LOL!!! It matches the one in the back window of my F-250 Charlie!


----------



## CmackR56 (May 30, 2009)

Graffiti, I say! Can't poke out my chest too much after the whoopin LSU put on us last night though


----------



## slabnabbin (May 25, 2010)

This is the best time to crappie fish in my opinion. Here's a few pics from November took the last part of December off to deer hunt. Fish channels in 15 -20 feet of water over brush.






















Pics always get me out on the lake!


----------



## Lookinforfish (Jan 7, 2011)

I was out on Rayburn yesterday. We were lookin for crappie as well. Fished out of Hanks Creek, in and around stumps in Deer Stand area, but only managed to scratch out 7 crappie with minnows. I know people were having luck under the 103 bridge where the river comes under it. I have been told they are in river bends to the north, but I do not understand fish finders and dont know Rayburn well enough so I have a tough time finding them. 

If someone is willing to share places (gps coordinates would be nice), I will do the same. This is really my first boat and my first fish finder so it is all baffling to me at the moment. But I am learning, and hopefully by the years end, I will figure it all out and have some places marked to find them.


----------



## mule29 (Feb 8, 2006)

how was the ramp at Hanks with the water so low?


----------



## atcfisherman (Oct 5, 2006)

Lookinforfish said:


> I was out on Rayburn yesterday. We were lookin for crappie as well. Fished out of Hanks Creek, in and around stumps in Deer Stand area, but only managed to scratch out 7 crappie with minnows. I know people were having luck under the 103 bridge where the river comes under it. I have been told they are in river bends to the north, but I do not understand fish finders and dont know Rayburn well enough so I have a tough time finding them.
> 
> If someone is willing to share places (gps coordinates would be nice), I will do the same. This is really my first boat and my first fish finder so it is all baffling to me at the moment. But I am learning, and hopefully by the years end, I will figure it all out and have some places marked to find them.


Did you try the river channel right on the west side of the deer stand area? That is where we would often catch winter crappie.
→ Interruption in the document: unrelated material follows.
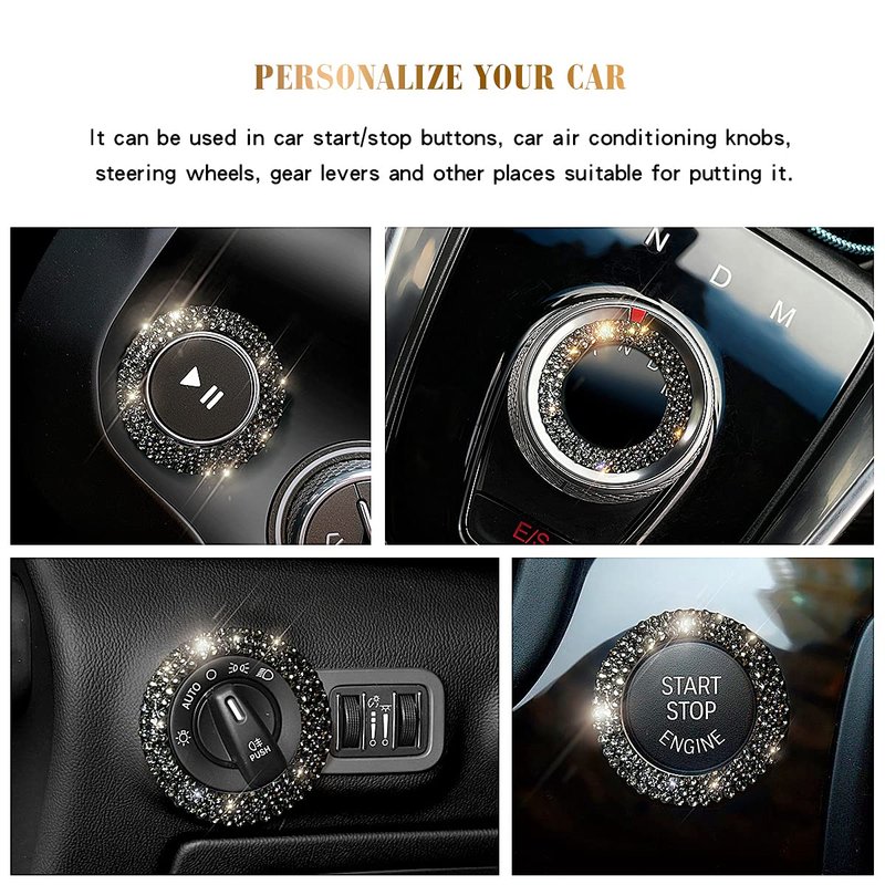 - [WIDE APPLICATION] It can be used for car start/stop buttons, car air conditioning knobs, steering wheels, gear levers, etc. Glittering diamond accessories make your car interior more luxurious.

My aunt and uncle have lived at Hanks creek for about 40+ years and we would often fish with them at the river channel or on the ledge of it.


----------



## Boboe (Feb 11, 2009)

72 crappie?! Wow. How many people was that?



slabnabbin said:


> This is the best time to crappie fish in my opinion. Here's a few pics from November took the last part of December off to deer hunt. Fish channels in 15 -20 feet of water over brush.
> 
> 
> 
> ...


----------



## slabnabbin (May 25, 2010)

Boboe said:


> 72 crappie?! Wow. How many people was that?


3 people. We fished alot in November and the first week in December and ended up with 563 crappie in 11 trips


----------



## Lookinforfish (Jan 7, 2011)

The ramps at Hanks Creek are fine, even with the lake as low as it is. I was able to get out easily. There were even larger bass boats getting in and out as well. Shirley creek though is difficult to get out, even with my flat bottom. Only about 6 inches to 2 feet deep most of the way out from boat ramp to main lake.
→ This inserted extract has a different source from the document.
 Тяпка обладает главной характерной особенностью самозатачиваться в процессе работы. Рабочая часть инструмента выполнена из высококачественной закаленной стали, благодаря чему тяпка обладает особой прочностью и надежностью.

Yes, I fished the deer stand area, that is where we caught the crappie at, however with my limited experience on the lake and using a fish finder, it is difficult for me to locate the river where it runs through that area. I just know we fished the area, but to say I was fishing the river, I am not sure.


----------



## shadslinger (Aug 21, 2005)

I hope you are ready to fish again slabnabbin, and get back to posting those great crappie reports!


----------



## slabnabbin (May 25, 2010)

I am definitely ready to catch some slabs. Once I get all my concrete blocks done for my brushpiles I will be back at it.


----------



## KingTut (May 19, 2005)

We had a fish fry last night. Crappie, the grocery fish! Most we caught last week were staged in 32' water, holding at 21' to 24.' They took a few live minnows, but chartruse jigs were their preference. 
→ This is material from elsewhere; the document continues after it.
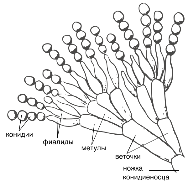 Конидиеносцы образуются на недифференцированных гифах субстратного, поверхностного или воздушного мицелия, 2—5 мкм толщиной, тонкостенные, у некоторых видов с верхушечным вздутием, обычно гиалиновые, редко коричневые. Конидиеносцы септированные, на конце несут так называемую кисточку (лат. penicillus) — мутовку фиалид (одноярусная кисточка) или мутовку метул, несущих по мутовке конидиогенных клеток каждая (двухъярусная кисточка). Сам конидиеносец может дополнительно ветвиться, в результате образуются трёх- и четырёхъярусные (иногда и с большим числом ярусов) кисточки. У некоторых видов конидиеносцы заканчиваются одиночными конидиогенными клетками. Конидиогенные клетки — фиалиды (иногда называемые стеригмами) — фляговидные, обычно не превышают 15 мкм в длину. Конидии (фиалоконидии) одноклеточные, у большинства видов 2—5 мкм в наибольшем измерении, образуются базипетально на суженных в шейку верхушках фиалид. Цепочки конидий могут быстро распадаться либо длительное время сохраняться, также могут переплетаться между собой либо оставаться параллельными, образуя колонки. Конидии в массе различных оттенков зелёного, реже белые, коричневые, оливковые[4].

God bless Texas, the Yankees are snowed-in and freezing while I'm catching fish!


----------



## Whoopin It Up! (Dec 20, 2010)

*Horn sticker on that Mercury, no big deal!*



CmackR56 said:


> What's that Longhorn doing defacing the cowling of that Mercury Russ? Gig em!!!!


Hey Charlie - Just to even it out, I have a sticker on the side of my center console!


----------



## Lonestar Proud (Oct 26, 2010)

Yeah, yeah, yeah.... Oh well, a 75-37-5 all-time record in favor of the Horns ain't too bad.......


----------



## tbone2374 (Feb 27, 2010)

Now, Now, Boys, It's just a game. LOL


----------



## Whoopin It Up! (Dec 20, 2010)

*Just a game and just a sticker, too*

Wow... it seems you can not say anything about a sticker! All I said it was no big deal. What do i get.... STATS about football (I think).


----------



## Whoopin It Up! (Dec 20, 2010)

*other stickers on boats*

PS. I am sure you can find a texas tech Red raider or a Baylor bear sticker on a boat! Others too.:smile:


----------



## Lonestar Proud (Oct 26, 2010)

I dont take offense to any Texas college team sticker, now an OU or Nebraska sticker is a different story LOL!


----------